Çünkü bu kez telaş/korku/panik başlamıştı. Bu çırpınış arasında, üçüncü golü yemekten mucizevi şekilde sıyırdık. Rakibi hafife almanın, ilk maçın skoruna aşırı güvenmenin ve bu ikisinin toplamıyla oyun disiplininden tamamen kopmanın cezasını ödüyorduk.
***
Oysa Ünal Karaman, maç öncesinnde bu tehlikelere dikkat çekmiş, “Sahada kazanılmamış hiç bir zaferin, başka olasılıklarla kazanılamayacağını” ısrarla anlatıp duruyordu. Ama kendisi Sörloth’u dinlendirme adına, onu ilk onbire koymamıştı. F.Bahçe maçını düşünmek iyi ama, UEFA’da gruplara kalmayı düşünmek, daha öncelikli ve önemli değil miydi? İlk başta rövanşa sen önem vermemişsin... Futbolcular haydi haydi boşverir. Yapma hocam!
***
Taraftar ise, ilk maçın 3-1 olduğuna filan bakmadan, stadı full doldurmuştu. Seyirci işin ciddiyetini kavrıyor ve üzerine düşeni fazlasıyla yapıyordu ama, futbolcular kendi dalgasındaydı.

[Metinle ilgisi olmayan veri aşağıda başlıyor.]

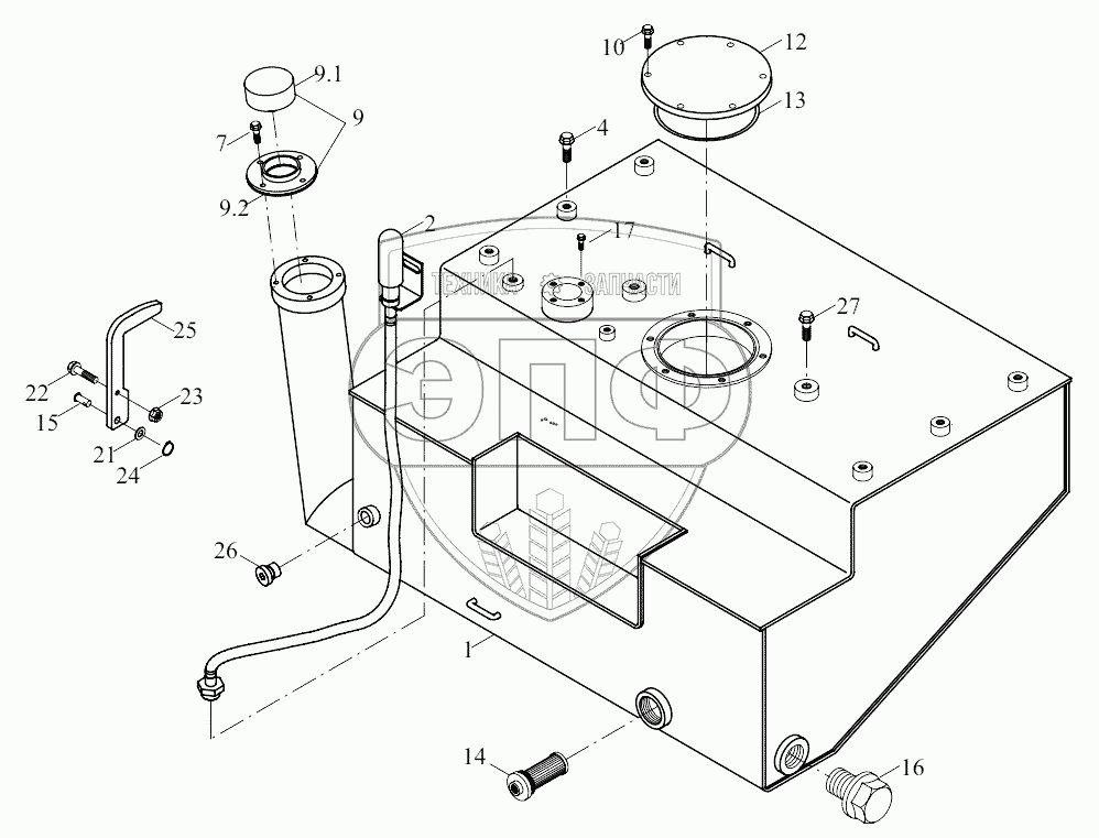 Каталог запасных частей к технике: Foton FL935E. 9D650-08A000000A0 Fuel tank assembling
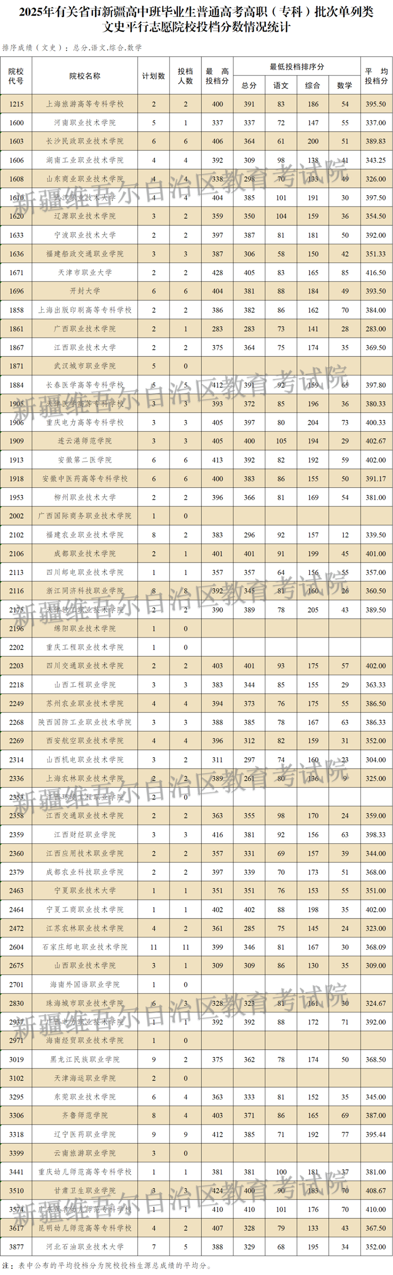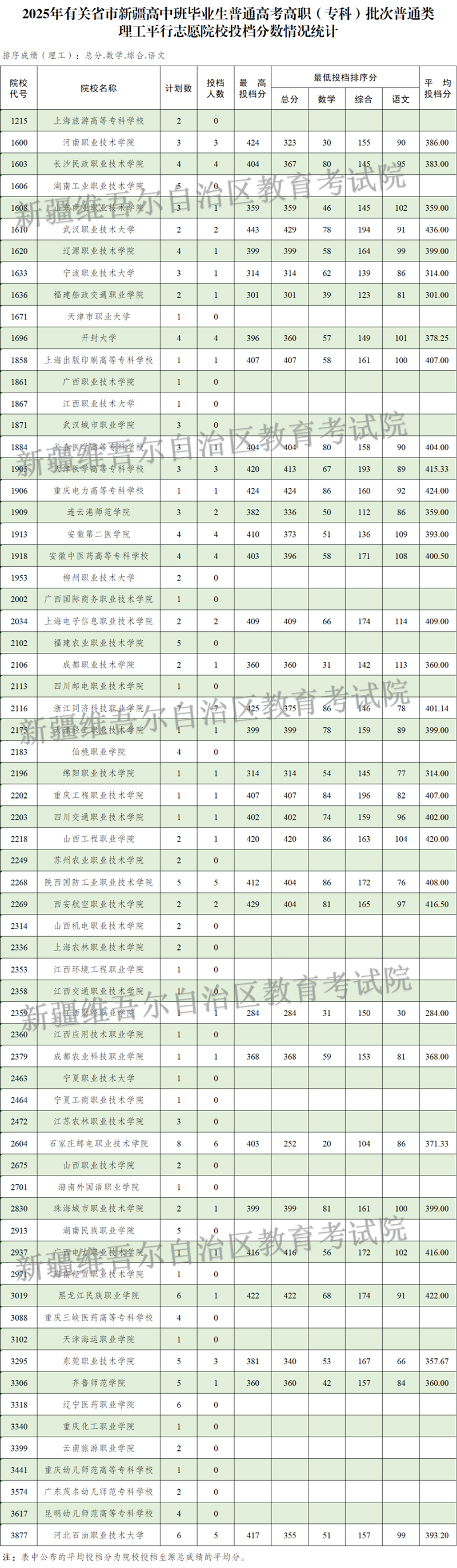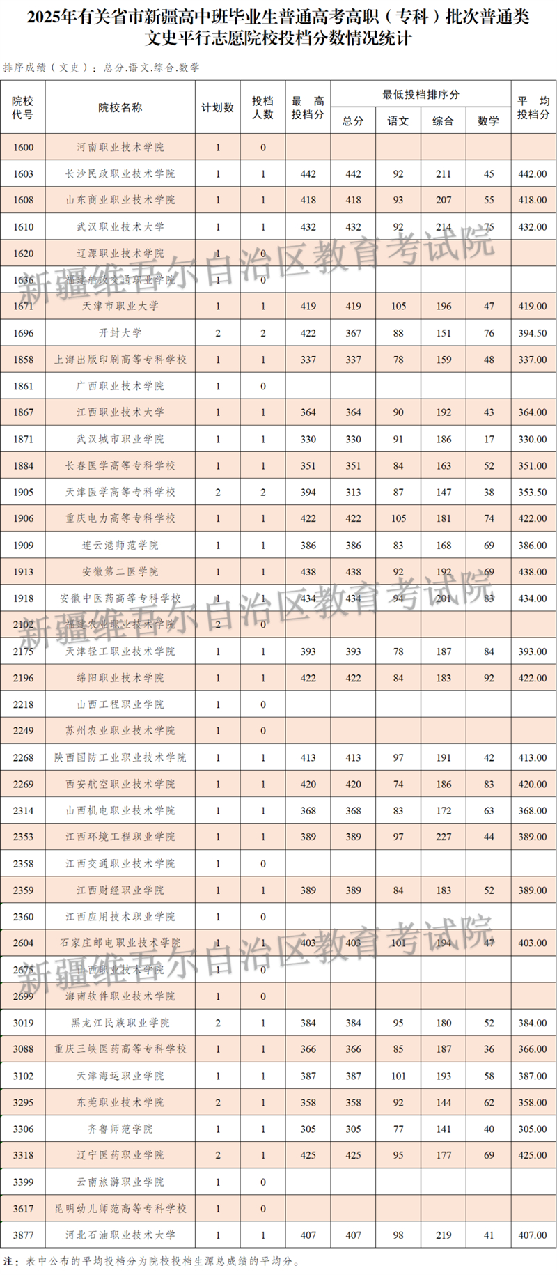 按照錄取工作安排,自治區2025年普通高校招收有關省市新疆高中班畢業生高職(專科)批次于8月14日正式投檔錄取,新疆教育考試院根據投檔原則進行了投檔,現將相關院校投檔情況公布如下:
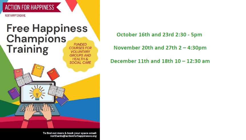 Please register your interest via the below Eventbrite link: https://www.eventbrite.co.uk/o/action-for-happiness-northamptonshire-77585139733
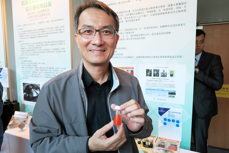 【台灣醒報記者林亭妤台北報導】市售葉黃素產品成分主要由金盞花萃取,今成大化工系教授張嘉修成功找到葉黃素含量更豐富的微藻,且其結構比金盞花更能為人體吸收!金屬中心博士楊勝仲17日說,透過科技部產學合作計畫,再提供「低溫萃取藻油」等技術,能穩定量產產藻油、應用於新創的葉黃素產品,期盼日後可在美、中、日、韓完成專利佈局。
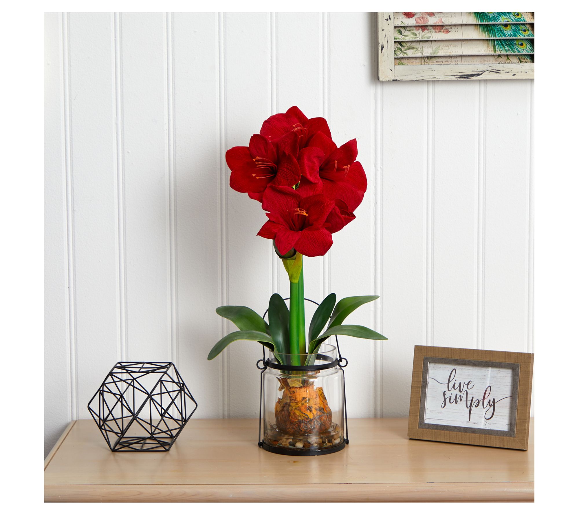 Bursting with several lush blooms, this lifelike amaryllis--complete with cascading leaves--is situated in a lovely, glass vase, making it a pretty addition to your decor. From Nearly Natural.
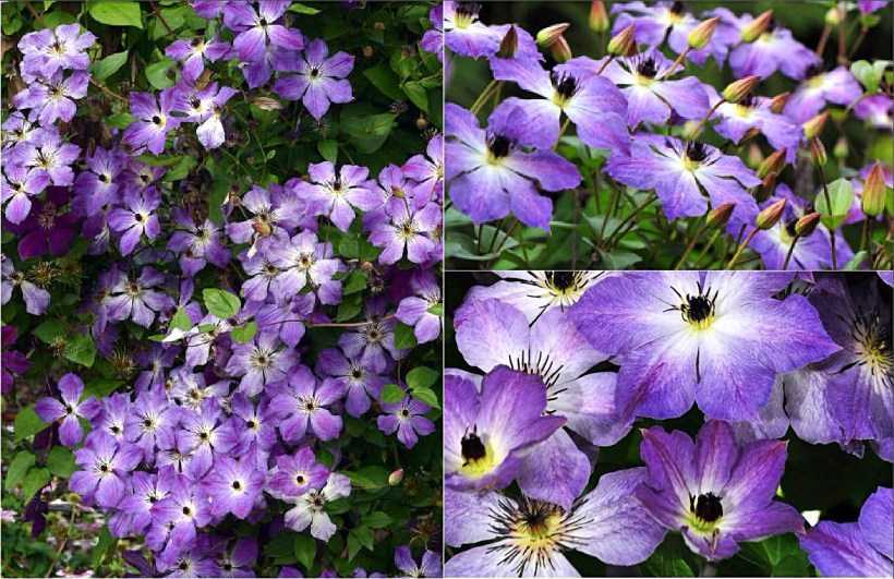Примером таких сортов могут послужить клематисы Jouiniana, Praecox, Petit Foucon или rouguchi. Также хорошо подойдут практически все гибриды, созданные на основе этих сортов.
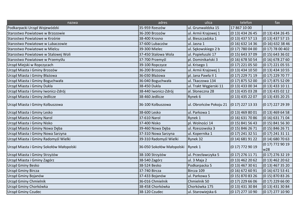 nazwa Podkarpacki Urząd Wojewódzki Starostwo Powiatowe w Brzozowie Starostwo Powiatowe w Krośnie Starostwo Powiatowe w Lubaczowie Starostwo Powiatowe w Mielcu Starostwo Powiatowe w Stalowej Woli Starostwo Powiatowe w Przemyśłu Urząd Miejski w Ropczycach Urząd Miasta i Gminy Brzozów Urząd Miasta i Gminy Błażowa Urząd Miasta i Gminy Boguchwała Urząd Miasta i Gminy Dukla Urząd Miasta i Gminy Iwonicz-Zdrój Urząd Miasta i Gminy Jedlicze adres 35-959 Rzeszów 36-200 Brzozów 38-400 Krosno 37-600 Lubaczów 39-300 Mielec 37-450 Stalowa Wola 37-700 Przemyśl 39-100 Ropczyce 36-200 Brzozów 36-030 Błażowa 36-040 Boguchwała 38-450 Dukla 38-440 Iwonicz-Zdrój 38-460 Jedlicze ulica ul. Grunwaldzka 15 ul. Armii Krajowej 1 ul. Bieszczadzka 1 ul. Jasna 1 ul. Sękowskiego 2 b ul. Popiełuszki 17 pl. Dominikaoski 3 ul. Krisego 1 ul. Armii Krajowej 1 pl. Jana Pawła II 1 ul. Tkaczowa 134 ul. Trakt Węgierski 11 al. Słoneczna 28 Rynek 6 telefon 17 867 10 00 (0 13) 434 26 45 (0 13) 437 57 13 (0 16) 632 14 36 (0 17) 780 04 00 (0 15) 643 37 09 (0 16) 678 50 54 (0 17) 221 05 50 (0 13) 434 10 50 (0 17) 229 71 19 (0 17) 875 52 00 (0 13) 433 00 34 (0 13) 435 03 28 (0 13) 435 22 07 (0 13) 434 26 45 (0 13) 437 57 15 (0-16) 632 38 46 (0 17) 78 00 402 (0 15) 643 36 02 (0 16) 678 27 60 (0 17) 221 05 55 (0 13) 434 10 55 (0 17) 229 70 77 (0 17) 875 52 09 (0 13) 433 10 11 (0 13) 435 02 12 (0 13) 435 20 25 Urząd Miasta i Gminy Kolbuszowa 36-100 Kolbuszowa ul. Obrooców Pokoju 21 (0 17) 227 13 33 (0 17) 227 29 39 Urząd Miasta i Gminy Lesko Urząd Miasta i Gminy Narol Urząd Miasta i Gminy Nisko Urząd Miasta i Gminy Nowa Dęba Urząd Miasta i Gminy Nowa Sarzyna Urząd Miasta i Gminy Radomyśl Wielki 38-600 Lesko 37-610 Narol 37-400 Nisko 39-460 Nowa Dęba 37-310 Nowa Sarzyna 39-310 Radomyśl Wielki ul. Parkowa 1 Rynek 1 pl. Wolności 14 ul. Rzeszowska 3 ul. Kopernika 1 Rynek 32 Urząd Miasta i Gminy Sokołów Małopolski 36-050 Sokołów Małopolski Rynek 1 (0 17) 772 90 19 Urząd Miasta i Gminy Strzyżów Urząd Miasta i Gminy Zagórz Urząd Gminy Besko Urząd Gminy Bircza Urząd Gminy Bojanów Urząd Gminy Chmielnik Urząd Gminy Chorkówka Urząd Gminy Czudec 38-100 Strzyżów 38-540 Zagórz 38-524 Besko 37-740 Bircza 37-433 Bojanów 36-016 Chmielnik 38-458 Chorkówka 38-120 Czudec (0 17) 276 11 71 (0 13) 462 20 62 (0 13) 467 30 61 (0 16) 672 60 91 (0 15) 870 83 26 (0 17) 229 66 06 (0 13) 431 30 84 (0 17) 277 10 90 (0 13) 469 64 58 (0 16) 631 71 04 (0 15) 841 56 30 (0 15) 846 26 71 (0 17) 241 31 11 (0 14) 680 70 63 (0 17) 772 90 19 w28 (0 17) 276 32 19 (0 13) 462 20 62 (0 13) 467 35 20 (0 16) 672 53 41 (0 15) 870 83 26 (0 17) 229 66 00 (0 13) 431 30 84 (0 17) 277 10 90 ul. Przecławczyka 5 ul. 3 Maja 2 Podkarpacka 5 Bircza 109 ul. Parkowa 5 Chmielnik 50 Chorkówka 175 ul. Starowiejska 6 (0 13) 469 80 01 (0 16) 631 70 86 (0 15) 841 56 43 (0 15) 846 26 71 (0 17) 241 32 51 (0 14) 681 91 22 fax Urząd Gminy Dębica 39-200 Dębica ul. Batorego 13 (0 14) 680 33 10 Urząd Gminy Domaradz 36-230 Domaradz Domaradz 345 (0 13) 434 70 51 Urząd Gminy Dzikowiec Urząd Gminy Harasiuki Urząd Gminy Iwierzyce Urząd Gminy Jarocin Urząd Gminy Jasło Urząd Gminy Jeżowe 36-122 Dzikowiec 37-413 Harasiuki 39-124 Iwierzyce 37-405 Jarocin 38-200 Jasło 37-430 Jeżowe Dzikowiec 2 Harasiuki 112a Iwierzyce 80 Jarocin 159 ul. Słowackiego 4 Jeżowe 136 A (0 17) 744 21 09 (0 15) 879 13 06 (0 17) 745 59 50 (0 15) 871 31 13 (0 13) 443 66 69 (0 15) 879 43 43 Urząd Gminy Jodłowa 39-225 Jodłowa Urząd Gminy Kołaczyce Urząd Gminy Korczyna Urząd Gminy Krasiczyn Urząd Gminy Laszki Urząd Gminy Leżajsk Urząd Gminy Lubenia Urząd Gminy Lutowiska Urząd Gminy Markowa Urząd Gminy Niwiska 38-213 Kołaczyce 38-420 Korczyna 37-741 Krasiczyn 37-543 Laszki 37-300 Leżajsk 36-042 Lubenia 38-713 Lutowiska 37-120 Markowa 36-147 Niwiska Rynek 1 Rynek 18A Krasiczyn 177 Laszki 36 ul. Opalioskiego 2 Lubenia 131 Lutowiska 14 Markowa 1399 Niwiska 430 (0 13) 446 02 21 (0 13) 435 40 80 (0 16) 671 83 70 (0 16) 628 50 46 (0 17) 240 62 00 (0 17) 850 39 14 (0 13) 461 00 13 (0 17) 226 54 35 (0 17) 227 90 02 Urząd Gminy Nowy Żmigród 38-230 Nowy Żmigród ul. Mickiewicza 2 (0 13) 441 56 05 Urząd Gminy Nozdrzec Urząd Gminy Ostrów Urząd Gminy Pawłosiów Urząd Gminy Pruchnik Urząd Gminy Przecław Urząd Gminy Pysznica 36-245 Nozdrzec 39-103 Ostrów 37-500 Jarosław 37-560 Pruchnik 39-320 Przecław 37-403 Pysznica Nozdrzec 224 Ostrów 225 Pawłosiów 88 Rynek 1 ul. Kilioskiego 7 ul. Wolności 277 (0 13) 439 80 20 (0 17) 223 57 16 (0 16) 622 02 48 (0 16) 628 80 24 (0 17) 581 31 19 (0 15) 841 00 04 (0 14) 680 33 36 (0 13) 434 70 41 w. 48 (0 17) 744 21 09 (0 15) 879 13 06 (0 17) 222 14 44 (0 15) 871 31 13 (0 13) 443 66 35 (0 15) 879 43 42 (0 14) 683 30 53 w10 (0 13) 446 02 58 (0 13) 435 40 96 (0 16) 671 83 70 (0 16) 628 50 23 (0 17) 242 84 17 (0 17) 850 39 14 (0 13) 461 02 34 (0 17) 226 57 56 (0 17) 227 93 41 (0 13) 441 56 05 w37 (0 13) 439 81 70 (0 17) 223 57 16 (0 16) 622 02 48 (0 16) 623 61 30 (0 17) 581 31 16 (0 15) 841 00 17 Urząd Gminy Radomyśl nad Sanem 37-455 Radomyśl nad Sanem Rynek Duży 7 (0 15) 845 43 02 (0 15) 845 43 02 Urząd Gminy Rokietnica Urząd Gminy Sanok Urząd Gminy Skołyszyn 37-562 Rokietnica 38-500 Sanok 38-242 Skołyszyn (0 16) 622 13 91 (0 13) 465 65 51 (0 13) 449 10 62, (0 16) 622 13 78 (0 13) 465 65 53 (0 13) 449 10 62 (0 14) 683 30 44 ul. Kościuszki 23 Skołyszyn 12 Urząd Gminy Stubno 37-723 Stubno Stubno 69A (0 16) 735 40 04 (0 16) 735 40 04 Urząd Gminy Tuszów Narodowy 39-332 Tuszów Narodowy Tuszów Narodowy 225 (0 17) 581 77 78 (0 17) 581 77 81 Urząd Gminy Tyrawa Wołoska Urząd Gminy Wiązownica Urząd Gminy Wojaszówka Urząd Gminy Zarszyn Urząd Gminy Żołynia 38-535 Tyrawa Wołoska 37-522 Wiązownica 38-471 Wojaszówka 38-530 Zarszyn 37-110 Żołynia (0 13) 462 11 23 (0 16) 622 36 31 (0 13) 438 50 16 (0 13) 467 10 01 (0 17) 224 30 28 (0 13) 462 11 23 (0 16) 622 36 31 (0 13) 438 50 16 (0 13) 467 10 38

Feci bir ilk yarının ardından; şaşkınlığını üstünden atan bir Trabzon ortaya çıktı. Fazla bir şey yapamadı. Fakat aynı gramajda olmadığı AEK’ya, kendi gerçek sıkletini bir nebze hissettirdi. O bile yetti.
Kolayı zora sokup tur atlamayı bildi. Aferin demeyeceğim. Aklı başına gelsin!